L’inflation pourrait donc contribuer à rétablir une justice économique entre les générations, et à redonner leurs chances aux jeunes générations. Qu’en est-il en effet des enfants des «baby-boomers» ?

·         Ces enfants, nés à partir du début des années 1970 qui n’ont connu que la crise et le chômage?

·         Dépendants de leurs parents, ils quittent de plus en plus tard le nid familial. Leur projet ?

·         Trouver un logement décent à louer. Il faut dire que les «baby-boomers» sont propriétaires d’une très grande partie du parc immobilier. La demande est importante, mais l’offre est limitée. En conséquence, les prix de l’immobilier flambent. Et l’inflation n’est pas là pour atténuer l’effet des taux d’intérêts. Les enfants des «baby-boomers» se résolvent donc à emprunter sur des très longues durées, parfois trente ans, ou alors à louer. Louer à qui ? Aux «baby-boomers», encore eux, rendant cette caste encore plus riche et puissante !

Le vrai fossé, ce n’est donc pas tant celui qui oppose les riches aux pauvres ; les patrons aux salariés. Non, le vrai fossé, le plus puissant d’entre tous, c’est celui qui s’est installé depuis plusieurs décennies entre une génération de nantis et d’enfants gâtés, et les générations qui l’ont suivi. Fossé parfaitement entretenu par ce «complot» qui n’en porte pas le nom mais dont le moins que l’on puisse dire est qu’il agit encore avec force et détermination.

Evidemment, il n’est pas politiquement correct de dénoncer ce «complot».

Les esprits biens pensants vous rétorqueront qu’il est honteux de s’en prendre à des aînés qui ont tant fait pour nous. Il vous sera également opposé que parmi ces aînés certains vivent dans la misère, et que mon propos est pour le moins déplacé pour ne pas dire scandaleux. Mais les faits sont là : le patrimoine des plus de 50 ans excède de plus de 50% le patrimoine moyen, et leur revenu net est supérieur à plus de 15% au revenu moyen. Pourtant, aucune voix dans la classe politique ne viendra dénoncer cette injustice. Non que nos dirigeants émanent tous de la caste des «baby-boomers», mais tout simplement parce que les «baby-boomers» sont, contrairement à leurs enfants, des électeurs studieux et fidèles.

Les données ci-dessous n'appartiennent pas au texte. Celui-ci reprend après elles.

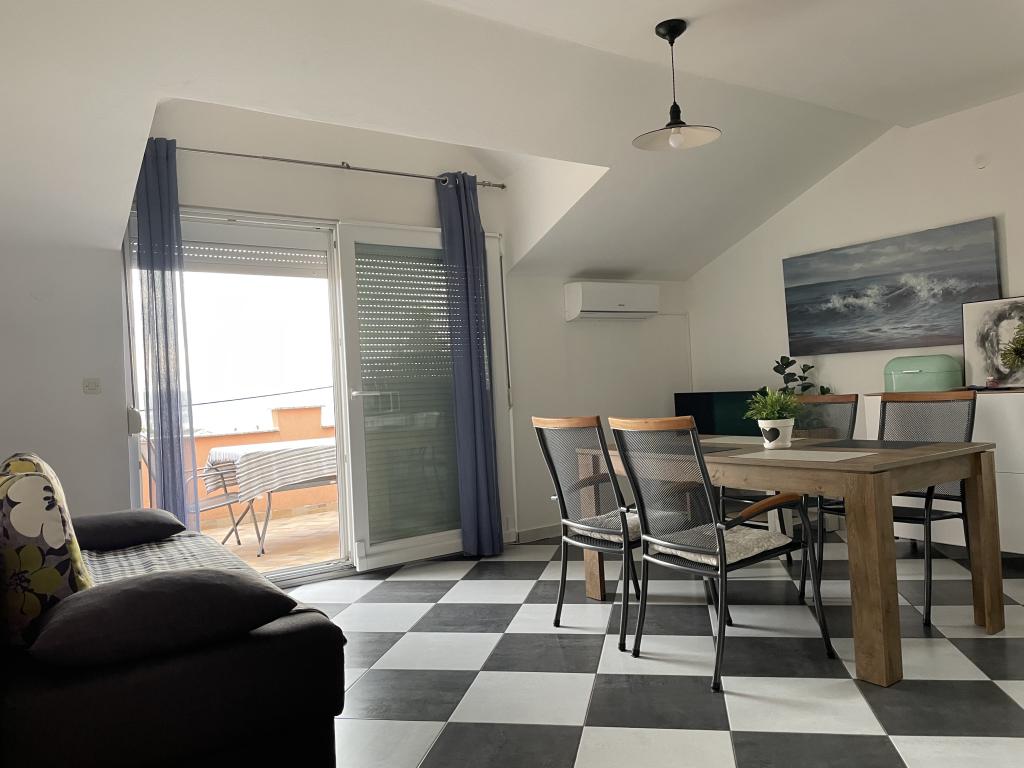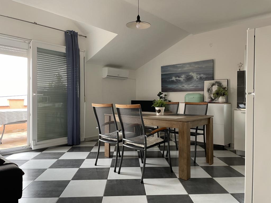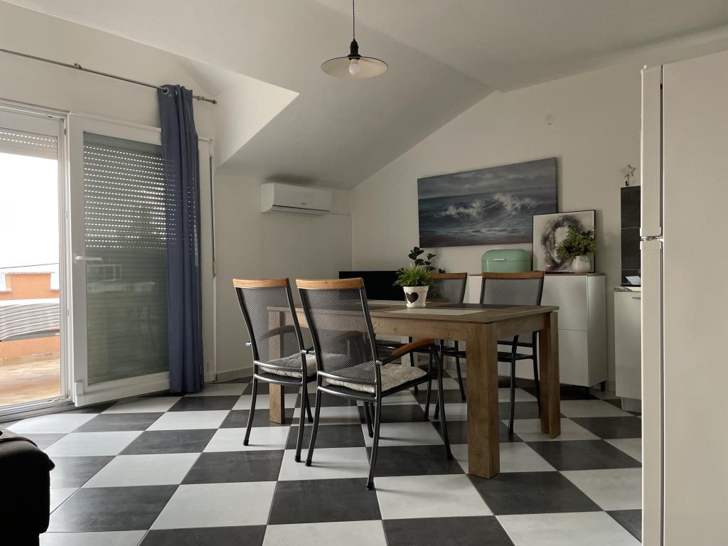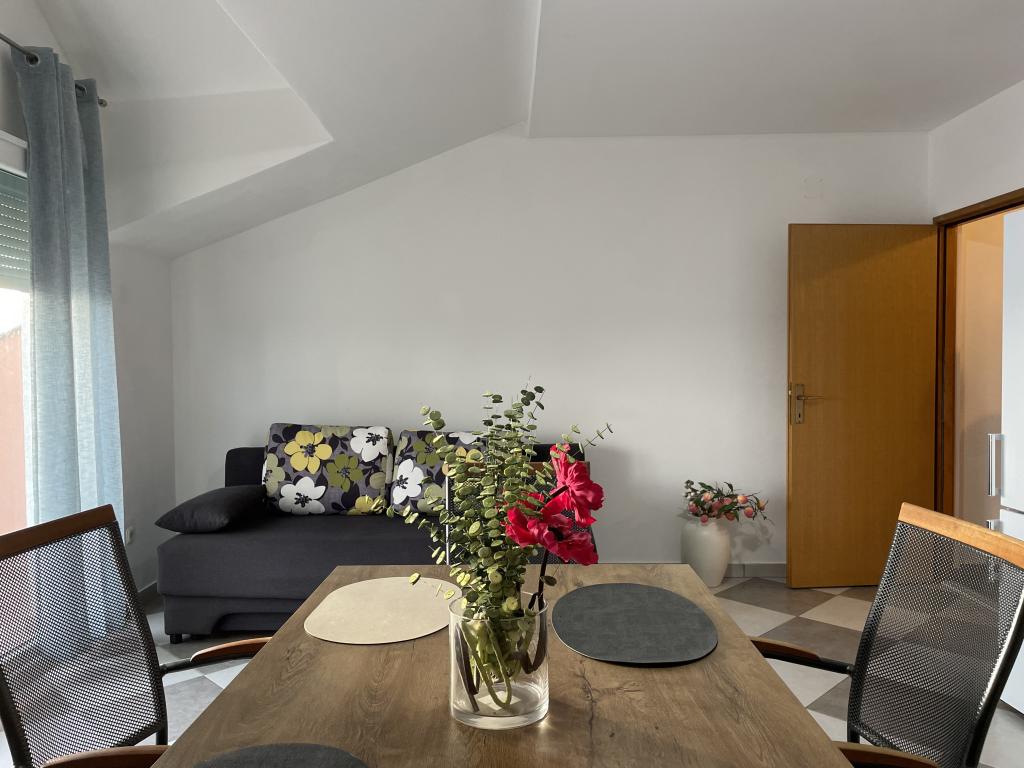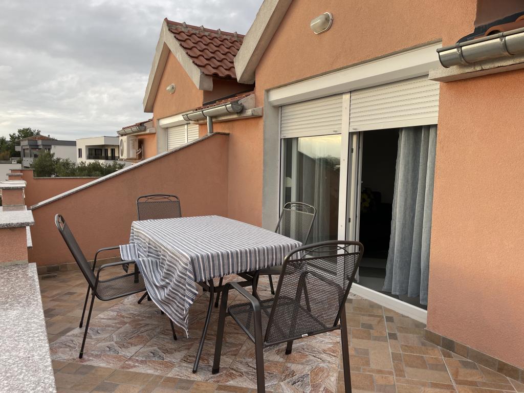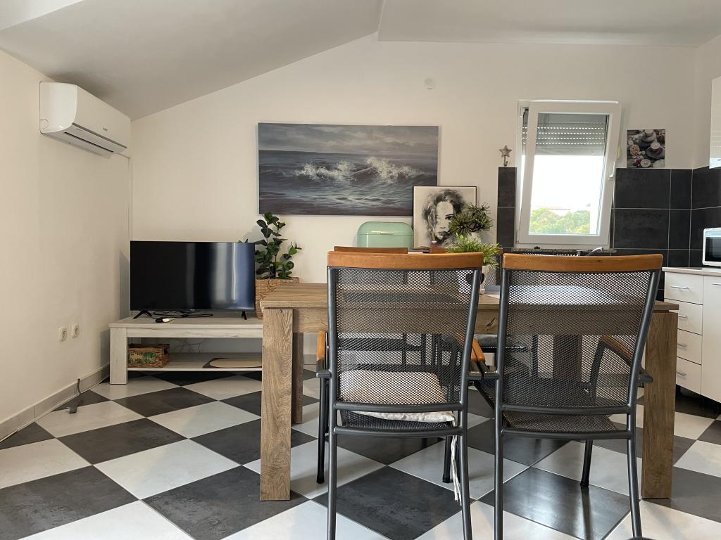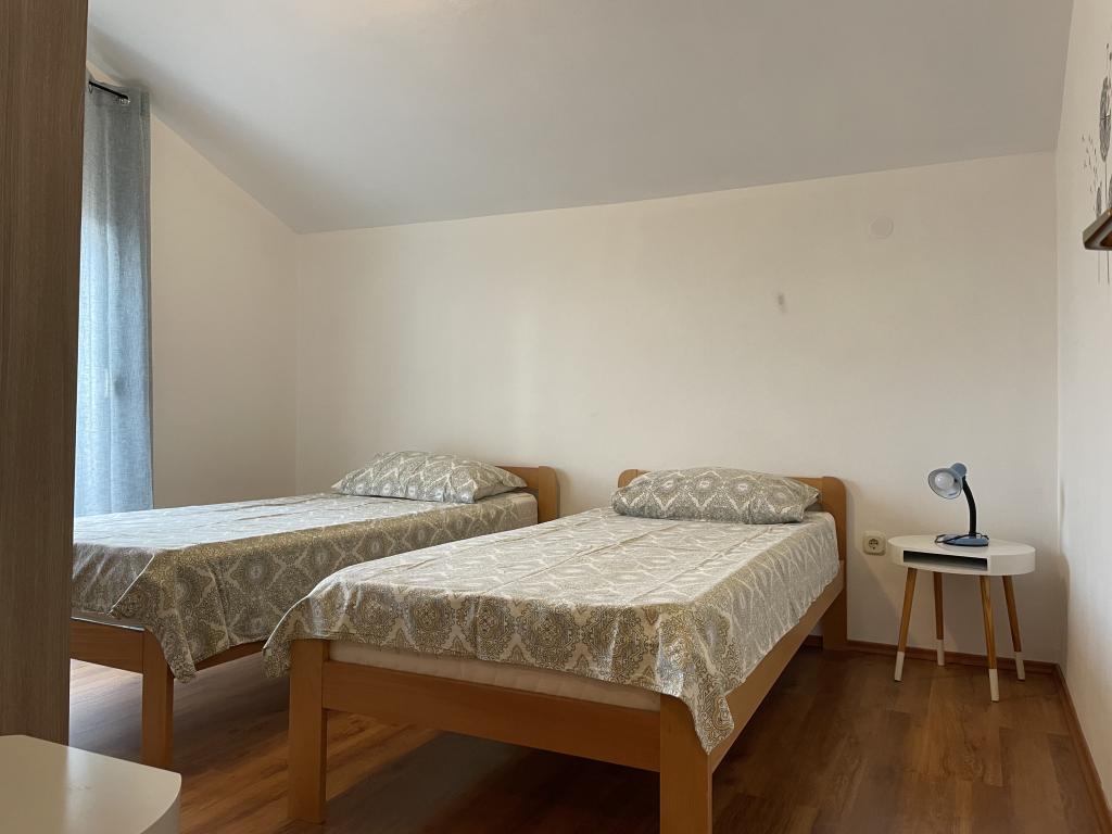 Casă de vacanță de 60 m2, plus o terasa de 31 m2, este situat în centrul orașului Maslenica lângă Zadar pe un teren de 1273 m2, departe de plaja 5 minute de mers. Proprietarii nu locuiesc în casă și oaspeții stau în întreaga clădire. Casa are două dormitoare, baie, living-bucatarie cameră și hol. Terasa are protecție solară. Lenjeria de pat și prosoapele sunt schimbate la fiecare 7 (sapte) zile pentru sejururi mai mult de 7 (șapte) zile. Bucătăria este echipată cu toate echipamentele necesare si materiale Veselă și de luat masa. Casa este dotată cu fier și masă de călcat mașină, uscător, uscător de păr, filtru de cafea și ceainic. Utilizarea Internetului, aer condiționat, TV prin satelit, parcare, uscatoare de par si masini de spalat nu sunt naplaćuje.Kuća este situat într-o zonă liniștită Maslenice cu măslini și alți copaci în jurul clădirii. Bine ai venit!

En ce qui me concerne, je fais partie de la génération des enfants des «baby-boomers». Mon discours pourrait donc paraître orienté, empreint d’un aveu de faiblesse ou de rébellion. Il n’en est rien. J’ai la chance d’être propriétaire et d’être libre professionnellement et financièrement. Mon propos n’est donc pas celui de quelqu’un de frustré ou d’aigri, mais plutôt celui d’un trentenaire qui ne se résigne pas à accepter l’idée que la génération de ses parents puisse puiser sa jouissance de la décadence de ce qu’il convient plus que jamais de dénommer le «vieux continent.